= Exercise details =
Each line from the one with "靴を脱いだら可愛いにゃんこ! 指を1本1本包み込む5本指ソックス。 かかと付でズレにくい。" through the last line of the material is to be printed exactly; no other line and no picture belongs in the copy.

Start of Source material

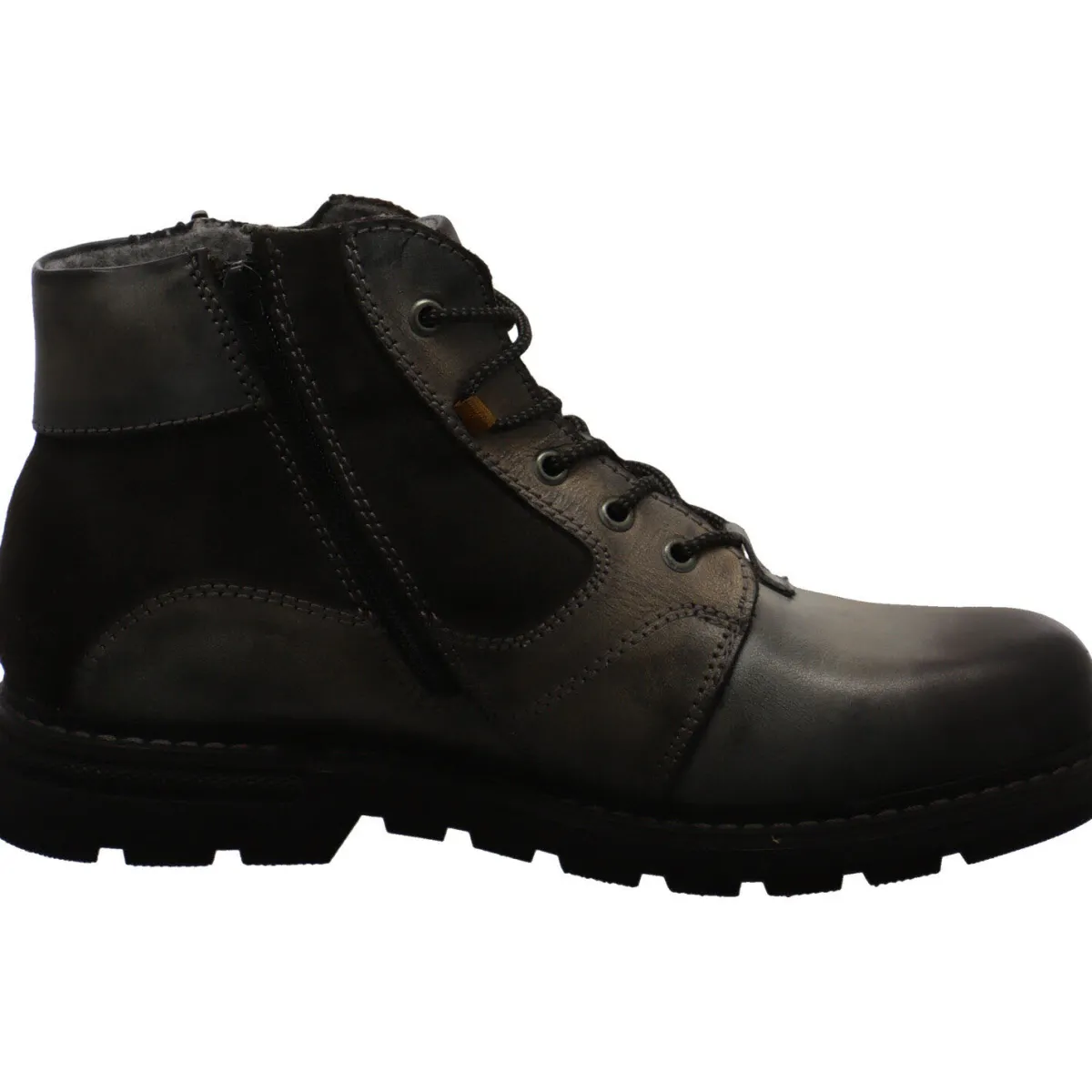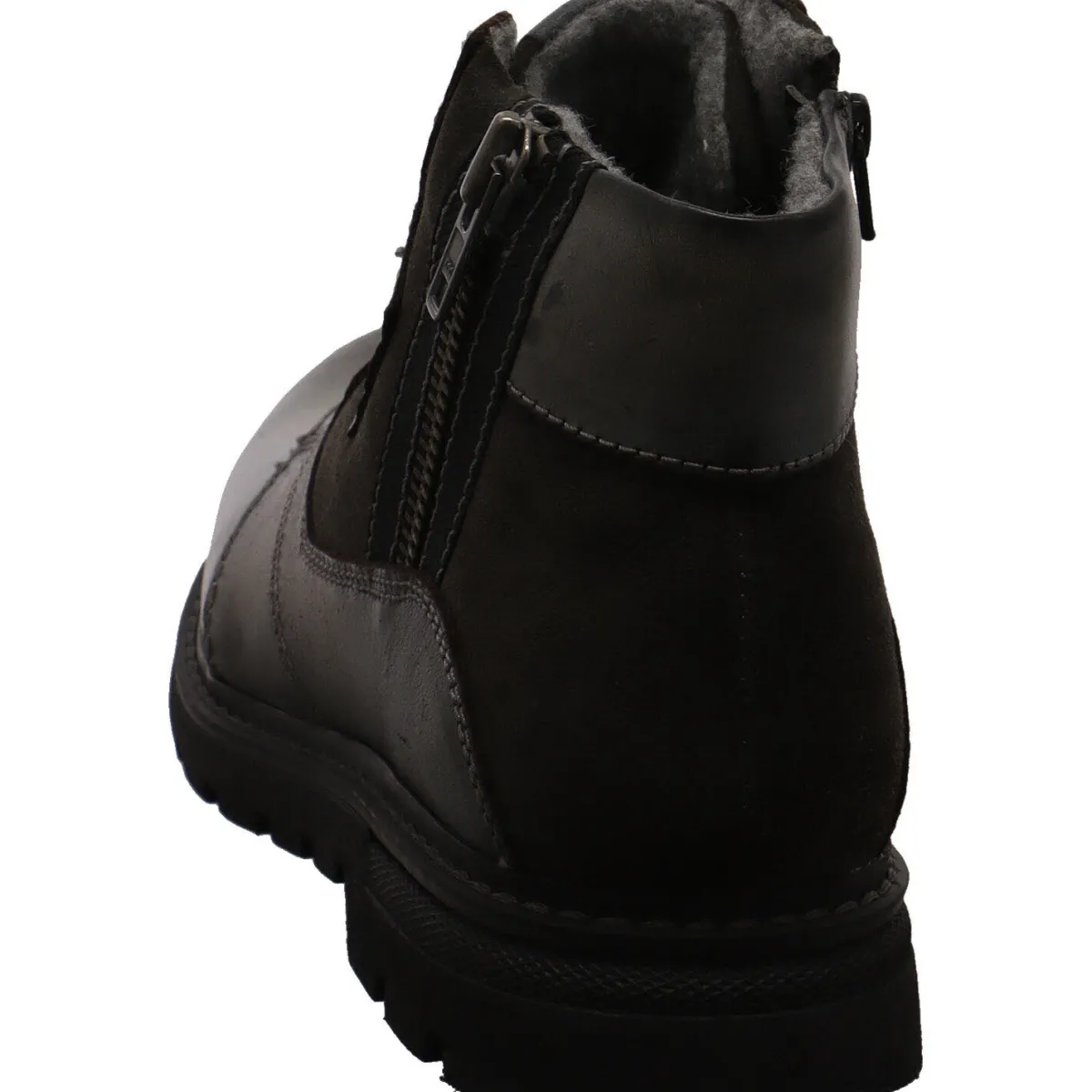 Das Obermaterial ist aus einem Mix hochwertigem Glattleder und Veloursleder in dunklem Grau gefertigt und mit einer authentischen Narbung versehen.
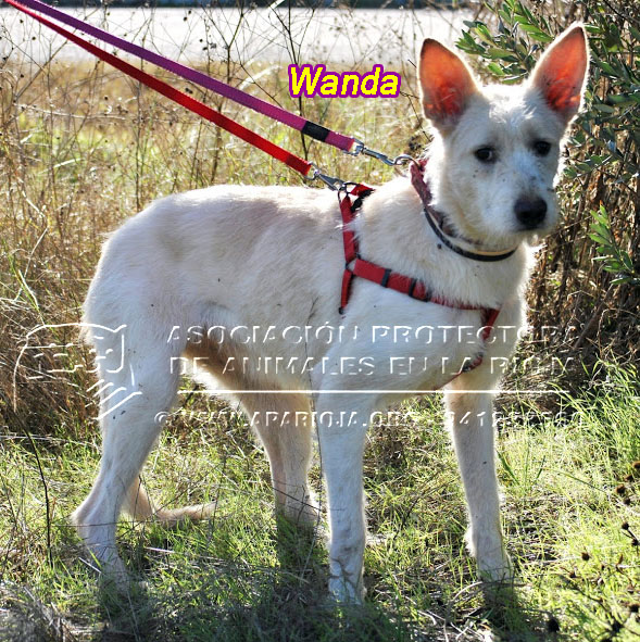 Es una podenca blanca rescatada de la perrera el 29 de junio de 2015 junto con Tous
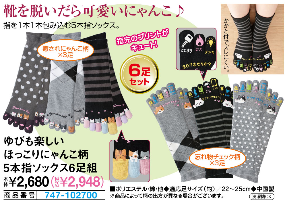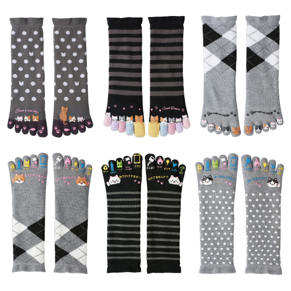 靴を脱いだら可愛いにゃんこ! 指を1本1本包み込む5本指ソックス。 かかと付でズレにくい。 指先のプリントがキュート! ●6足セット
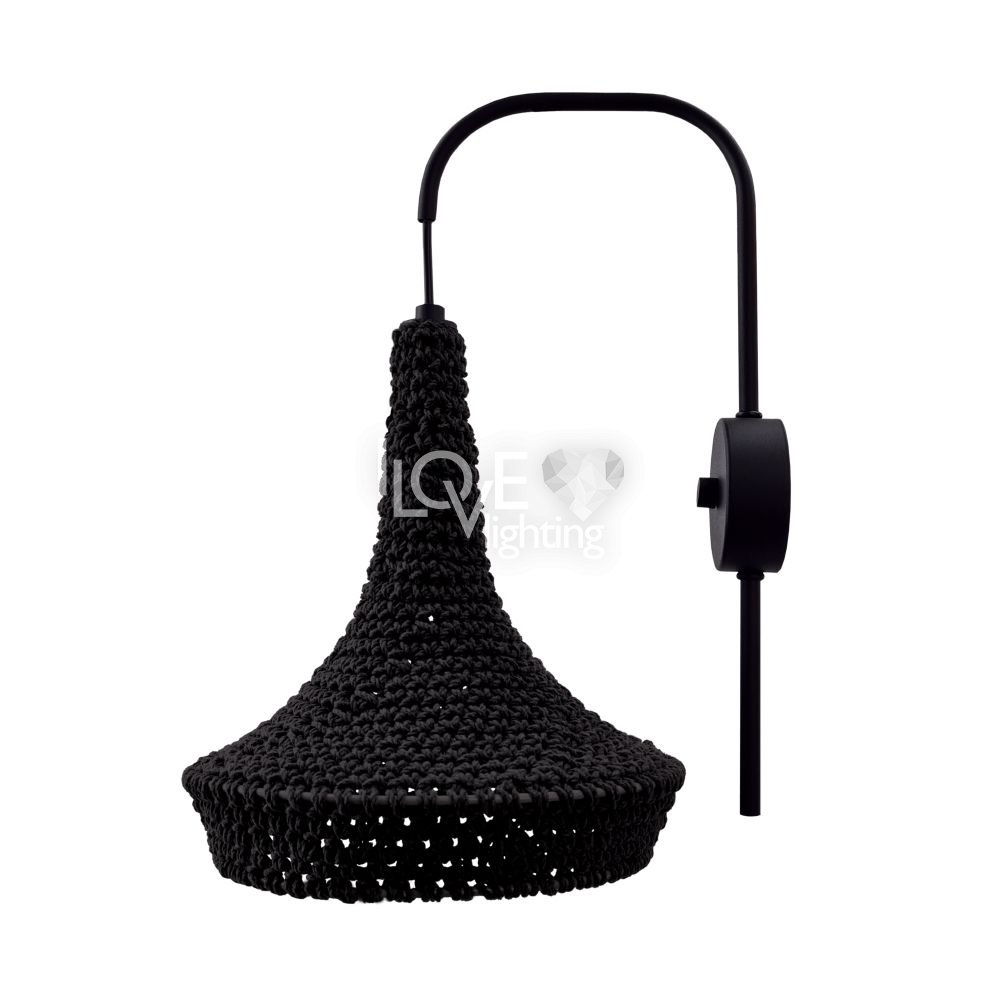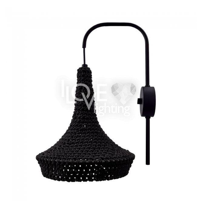 Czarny kinkiet z bawełnianym abażurem handmade MAHAKA 4031 Antigo

End of Source material

= Written answer =
 靴を脱いだら可愛いにゃんこ! 指を1本1本包み込む5本指ソックス。 かかと付でズレにくい。 指先のプリントがキュート! ●6足セット
 Czarny kinkiet z bawełnianym abażurem handmade MAHAKA 4031 Antigo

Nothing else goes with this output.